:: Information ::

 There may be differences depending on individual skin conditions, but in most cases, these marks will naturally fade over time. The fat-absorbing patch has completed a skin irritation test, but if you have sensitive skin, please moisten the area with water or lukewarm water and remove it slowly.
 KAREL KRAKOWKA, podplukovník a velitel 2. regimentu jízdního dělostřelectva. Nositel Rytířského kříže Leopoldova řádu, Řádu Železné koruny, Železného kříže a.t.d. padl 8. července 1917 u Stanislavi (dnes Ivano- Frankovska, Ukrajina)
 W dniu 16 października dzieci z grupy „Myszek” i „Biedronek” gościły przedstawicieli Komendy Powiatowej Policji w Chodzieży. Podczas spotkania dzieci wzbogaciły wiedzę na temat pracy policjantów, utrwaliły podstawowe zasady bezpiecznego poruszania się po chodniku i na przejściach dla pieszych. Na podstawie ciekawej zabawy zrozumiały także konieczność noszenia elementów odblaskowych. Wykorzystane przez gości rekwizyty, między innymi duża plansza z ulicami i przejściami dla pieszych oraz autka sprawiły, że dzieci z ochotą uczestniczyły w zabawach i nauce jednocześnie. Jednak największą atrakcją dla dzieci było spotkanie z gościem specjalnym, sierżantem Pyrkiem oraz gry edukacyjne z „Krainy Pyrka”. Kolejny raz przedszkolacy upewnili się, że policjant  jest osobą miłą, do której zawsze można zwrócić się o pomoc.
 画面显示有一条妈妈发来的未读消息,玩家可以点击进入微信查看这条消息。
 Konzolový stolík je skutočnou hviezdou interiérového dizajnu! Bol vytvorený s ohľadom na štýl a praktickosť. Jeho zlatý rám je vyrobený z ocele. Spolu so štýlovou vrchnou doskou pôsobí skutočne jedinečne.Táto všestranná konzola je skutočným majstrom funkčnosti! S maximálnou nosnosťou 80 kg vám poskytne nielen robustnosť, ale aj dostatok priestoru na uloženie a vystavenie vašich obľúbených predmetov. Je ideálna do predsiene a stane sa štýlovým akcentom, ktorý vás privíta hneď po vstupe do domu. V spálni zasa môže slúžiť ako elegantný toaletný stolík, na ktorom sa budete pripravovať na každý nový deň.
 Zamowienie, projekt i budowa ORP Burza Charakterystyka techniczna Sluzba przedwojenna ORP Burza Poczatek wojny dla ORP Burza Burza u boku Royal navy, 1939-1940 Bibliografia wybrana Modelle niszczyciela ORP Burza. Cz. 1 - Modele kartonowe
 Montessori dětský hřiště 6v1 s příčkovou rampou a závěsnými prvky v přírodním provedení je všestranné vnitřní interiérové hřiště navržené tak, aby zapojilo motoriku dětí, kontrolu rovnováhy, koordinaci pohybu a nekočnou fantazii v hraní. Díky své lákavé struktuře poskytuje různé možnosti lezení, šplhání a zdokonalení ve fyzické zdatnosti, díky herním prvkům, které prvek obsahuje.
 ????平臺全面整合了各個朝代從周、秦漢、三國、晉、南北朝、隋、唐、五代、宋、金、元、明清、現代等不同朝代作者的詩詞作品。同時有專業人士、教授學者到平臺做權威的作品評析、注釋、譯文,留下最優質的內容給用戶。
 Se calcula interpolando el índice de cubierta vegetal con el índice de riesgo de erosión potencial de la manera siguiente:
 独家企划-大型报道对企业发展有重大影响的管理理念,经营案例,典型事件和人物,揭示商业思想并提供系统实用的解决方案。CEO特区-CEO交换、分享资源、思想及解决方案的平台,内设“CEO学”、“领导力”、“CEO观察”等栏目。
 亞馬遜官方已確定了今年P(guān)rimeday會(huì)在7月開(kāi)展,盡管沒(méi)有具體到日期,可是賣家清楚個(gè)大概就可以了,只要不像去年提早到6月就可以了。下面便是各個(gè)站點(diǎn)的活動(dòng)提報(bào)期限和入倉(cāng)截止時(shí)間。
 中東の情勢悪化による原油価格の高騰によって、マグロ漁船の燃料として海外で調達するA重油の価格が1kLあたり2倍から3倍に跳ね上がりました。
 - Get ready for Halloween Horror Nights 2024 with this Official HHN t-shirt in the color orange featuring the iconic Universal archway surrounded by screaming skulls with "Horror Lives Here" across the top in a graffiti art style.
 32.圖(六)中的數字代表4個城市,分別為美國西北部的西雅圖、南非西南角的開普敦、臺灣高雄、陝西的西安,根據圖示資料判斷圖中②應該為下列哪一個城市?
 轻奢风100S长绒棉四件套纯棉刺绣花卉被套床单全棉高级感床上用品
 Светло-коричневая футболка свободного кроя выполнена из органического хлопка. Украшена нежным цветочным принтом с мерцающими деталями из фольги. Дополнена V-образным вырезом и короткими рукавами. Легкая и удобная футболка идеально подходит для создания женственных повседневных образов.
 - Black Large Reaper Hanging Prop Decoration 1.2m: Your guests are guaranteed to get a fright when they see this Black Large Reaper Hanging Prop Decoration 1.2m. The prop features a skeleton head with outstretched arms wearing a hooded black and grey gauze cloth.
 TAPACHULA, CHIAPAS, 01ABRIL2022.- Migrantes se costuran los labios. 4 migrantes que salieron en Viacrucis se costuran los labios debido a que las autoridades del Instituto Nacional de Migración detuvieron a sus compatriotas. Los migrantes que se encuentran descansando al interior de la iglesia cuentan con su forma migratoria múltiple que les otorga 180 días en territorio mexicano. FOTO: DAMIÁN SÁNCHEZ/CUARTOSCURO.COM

:: Exercise details ::
Working from the material above, restate word for word the lines between the line with "中東の情勢悪化による原油価格" and the line with "Светло-коричневая футболка свободного", both included, and only those.

:: Response area ::
 中東の情勢悪化による原油価格の高騰によって、マグロ漁船の燃料として海外で調達するA重油の価格が1kLあたり2倍から3倍に跳ね上がりました。
 - Get ready for Halloween Horror Nights 2024 with this Official HHN t-shirt in the color orange featuring the iconic Universal archway surrounded by screaming skulls with "Horror Lives Here" across the top in a graffiti art style.
 32.圖(六)中的數字代表4個城市,分別為美國西北部的西雅圖、南非西南角的開普敦、臺灣高雄、陝西的西安,根據圖示資料判斷圖中②應該為下列哪一個城市?
 轻奢风100S长绒棉四件套纯棉刺绣花卉被套床单全棉高级感床上用品
 Светло-коричневая футболка свободного кроя выполнена из органического хлопка. Украшена нежным цветочным принтом с мерцающими деталями из фольги. Дополнена V-образным вырезом и короткими рукавами. Легкая и удобная футболка идеально подходит для создания женственных повседневных образов.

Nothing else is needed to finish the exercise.